Collected data entries:
=-=-=-=-=
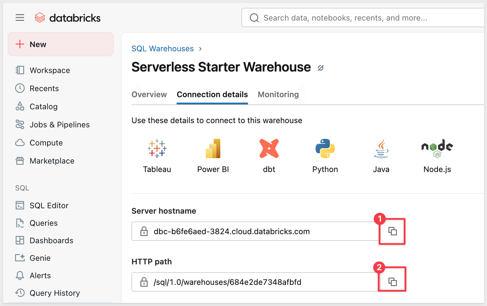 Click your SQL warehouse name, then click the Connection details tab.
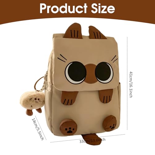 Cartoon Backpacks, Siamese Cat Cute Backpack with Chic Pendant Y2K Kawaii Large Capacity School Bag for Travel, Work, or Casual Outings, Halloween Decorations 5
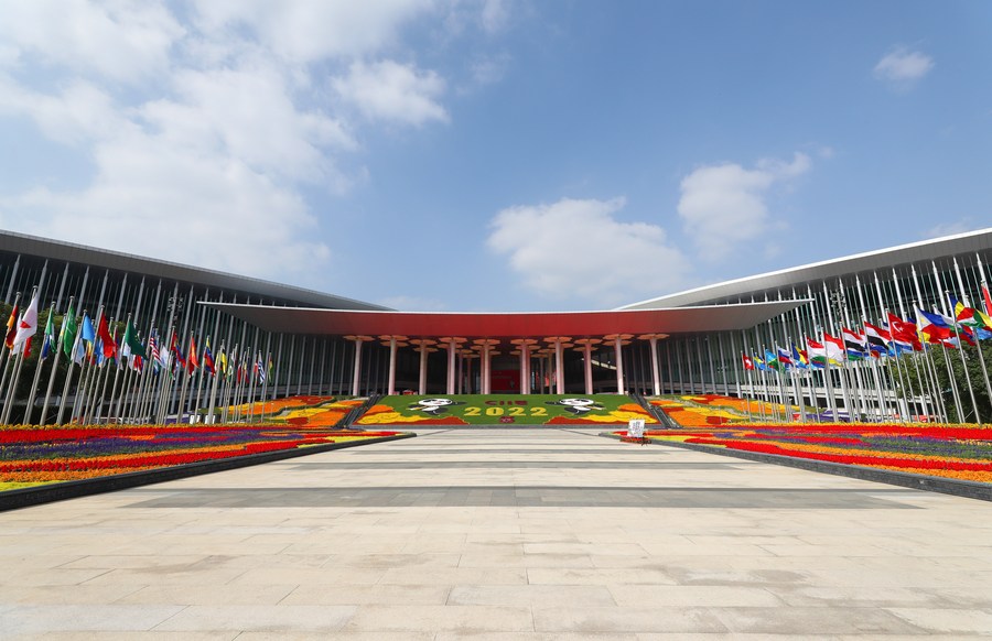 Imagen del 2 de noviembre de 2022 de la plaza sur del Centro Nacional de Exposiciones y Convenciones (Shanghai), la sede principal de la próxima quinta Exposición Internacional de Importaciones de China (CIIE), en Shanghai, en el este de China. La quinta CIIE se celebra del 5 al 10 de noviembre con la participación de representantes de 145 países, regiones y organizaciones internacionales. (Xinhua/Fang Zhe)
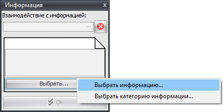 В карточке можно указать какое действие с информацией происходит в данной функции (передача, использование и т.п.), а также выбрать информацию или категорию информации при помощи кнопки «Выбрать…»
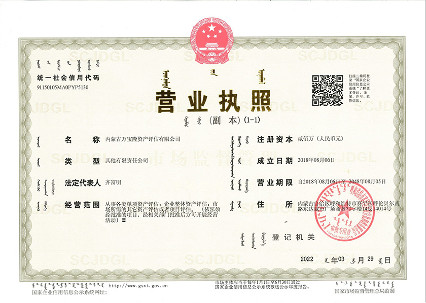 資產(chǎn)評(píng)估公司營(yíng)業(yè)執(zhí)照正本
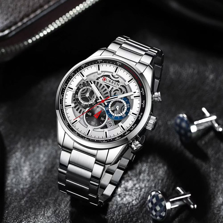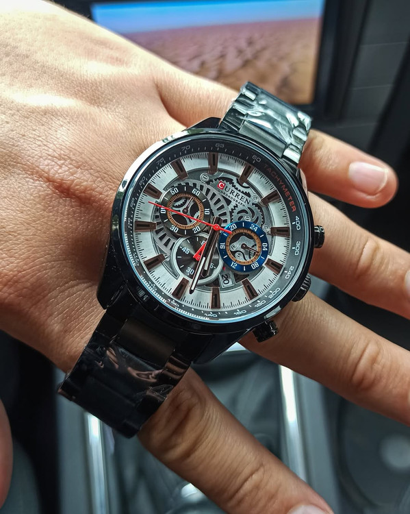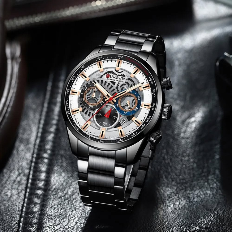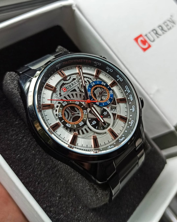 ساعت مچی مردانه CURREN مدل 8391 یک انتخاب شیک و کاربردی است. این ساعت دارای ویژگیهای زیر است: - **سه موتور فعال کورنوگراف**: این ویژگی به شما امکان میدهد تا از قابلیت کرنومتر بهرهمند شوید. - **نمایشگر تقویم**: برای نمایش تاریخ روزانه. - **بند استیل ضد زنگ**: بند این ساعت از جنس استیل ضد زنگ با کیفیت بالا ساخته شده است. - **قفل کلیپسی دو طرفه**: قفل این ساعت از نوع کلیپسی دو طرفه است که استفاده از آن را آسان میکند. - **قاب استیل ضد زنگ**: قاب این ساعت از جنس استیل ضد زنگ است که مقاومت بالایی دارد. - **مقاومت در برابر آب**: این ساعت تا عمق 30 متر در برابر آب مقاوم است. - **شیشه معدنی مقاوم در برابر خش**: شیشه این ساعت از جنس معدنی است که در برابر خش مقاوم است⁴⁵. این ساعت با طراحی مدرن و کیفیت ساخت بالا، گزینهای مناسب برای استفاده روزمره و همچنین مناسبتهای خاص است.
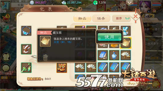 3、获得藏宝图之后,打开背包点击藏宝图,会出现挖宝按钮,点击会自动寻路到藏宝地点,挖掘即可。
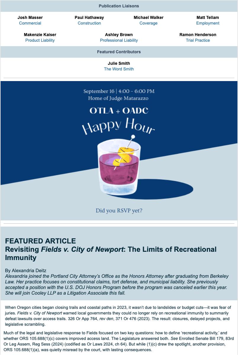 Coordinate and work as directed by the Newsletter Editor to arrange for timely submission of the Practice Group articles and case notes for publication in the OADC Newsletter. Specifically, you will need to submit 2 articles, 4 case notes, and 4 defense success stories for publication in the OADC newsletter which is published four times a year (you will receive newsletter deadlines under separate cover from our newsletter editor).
=-=-=-=-=
Starting at the line that contains "ساعت مچی مردانه", reproduce every line through the last one in the records exactly, and omit all pictures.

 ساعت مچی مردانه CURREN مدل 8391 یک انتخاب شیک و کاربردی است. این ساعت دارای ویژگیهای زیر است: - **سه موتور فعال کورنوگراف**: این ویژگی به شما امکان میدهد تا از قابلیت کرنومتر بهرهمند شوید. - **نمایشگر تقویم**: برای نمایش تاریخ روزانه. - **بند استیل ضد زنگ**: بند این ساعت از جنس استیل ضد زنگ با کیفیت بالا ساخته شده است. - **قفل کلیپسی دو طرفه**: قفل این ساعت از نوع کلیپسی دو طرفه است که استفاده از آن را آسان میکند. - **قاب استیل ضد زنگ**: قاب این ساعت از جنس استیل ضد زنگ است که مقاومت بالایی دارد. - **مقاومت در برابر آب**: این ساعت تا عمق 30 متر در برابر آب مقاوم است. - **شیشه معدنی مقاوم در برابر خش**: شیشه این ساعت از جنس معدنی است که در برابر خش مقاوم است⁴⁵. این ساعت با طراحی مدرن و کیفیت ساخت بالا، گزینهای مناسب برای استفاده روزمره و همچنین مناسبتهای خاص است.
 3、获得藏宝图之后,打开背包点击藏宝图,会出现挖宝按钮,点击会自动寻路到藏宝地点,挖掘即可。
 Coordinate and work as directed by the Newsletter Editor to arrange for timely submission of the Practice Group articles and case notes for publication in the OADC Newsletter. Specifically, you will need to submit 2 articles, 4 case notes, and 4 defense success stories for publication in the OADC newsletter which is published four times a year (you will receive newsletter deadlines under separate cover from our newsletter editor).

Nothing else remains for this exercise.